WHAT YOU HAVE TO DO -
Emit a verbatim copy of the lines below from the line with "Cute, ceramic, hand-shaped" through the line with "Designart 'Natural Leaves", excluding pictures and everything outside that range.

DATASET -
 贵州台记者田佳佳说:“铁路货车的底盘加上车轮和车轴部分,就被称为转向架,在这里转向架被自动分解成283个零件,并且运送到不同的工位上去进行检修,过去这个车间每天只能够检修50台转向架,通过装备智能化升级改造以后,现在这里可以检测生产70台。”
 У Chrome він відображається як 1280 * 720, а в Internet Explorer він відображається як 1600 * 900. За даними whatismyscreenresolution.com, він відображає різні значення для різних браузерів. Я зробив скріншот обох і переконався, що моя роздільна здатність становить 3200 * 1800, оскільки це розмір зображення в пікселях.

--

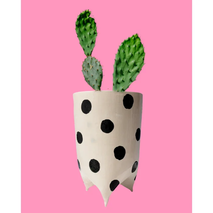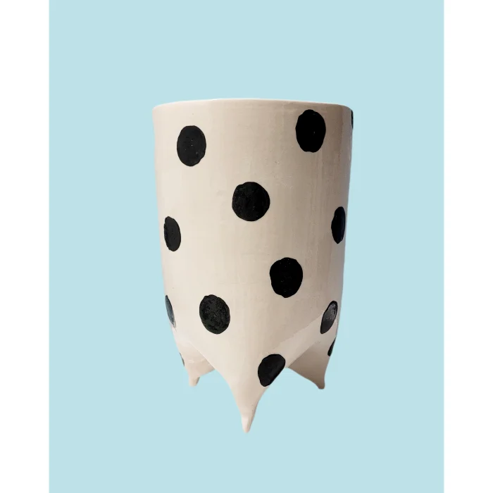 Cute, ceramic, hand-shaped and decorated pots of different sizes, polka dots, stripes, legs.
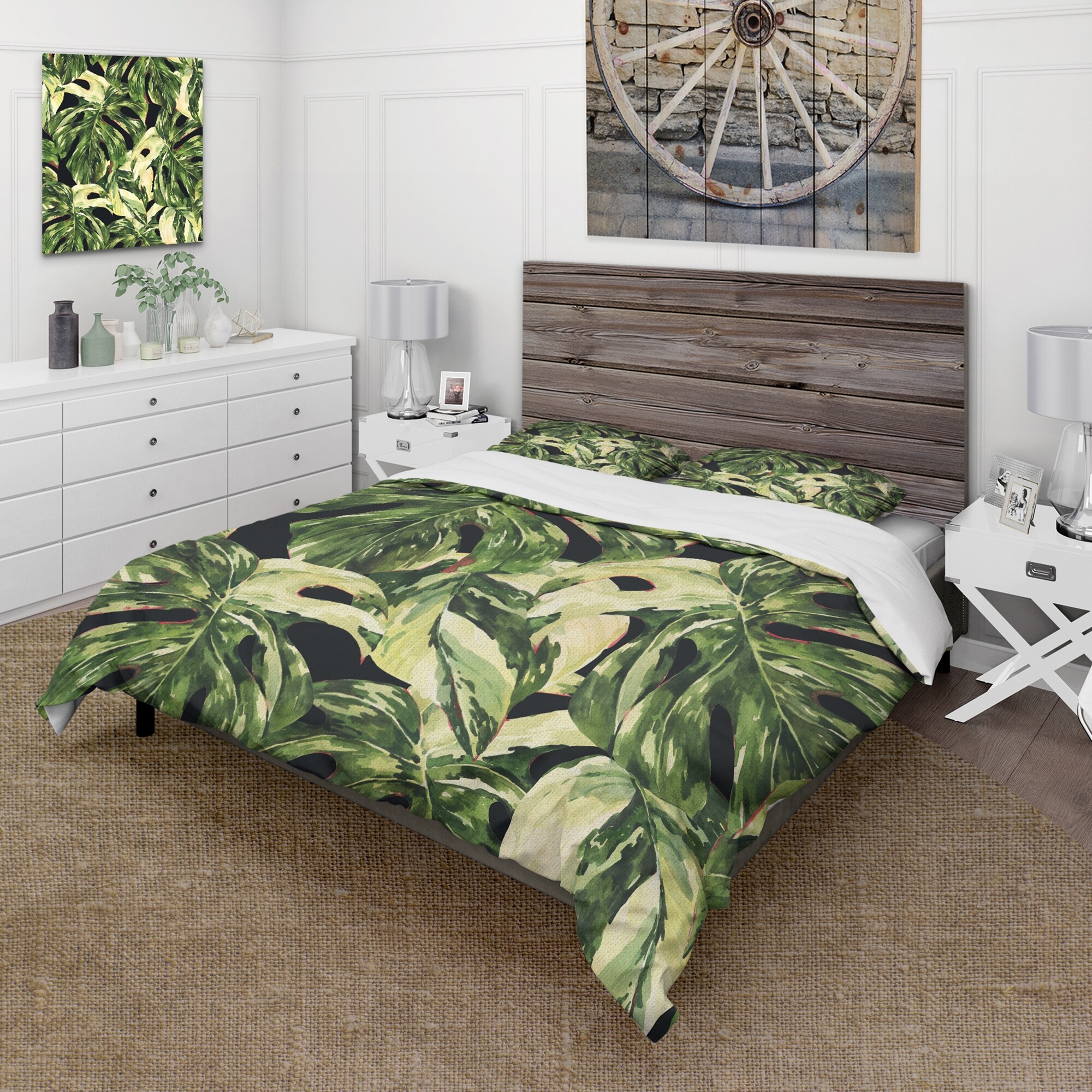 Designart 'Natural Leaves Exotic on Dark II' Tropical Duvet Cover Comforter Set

RESPONSE TO THIS EXERCISE -
 Cute, ceramic, hand-shaped and decorated pots of different sizes, polka dots, stripes, legs.
 Designart 'Natural Leaves Exotic on Dark II' Tropical Duvet Cover Comforter Set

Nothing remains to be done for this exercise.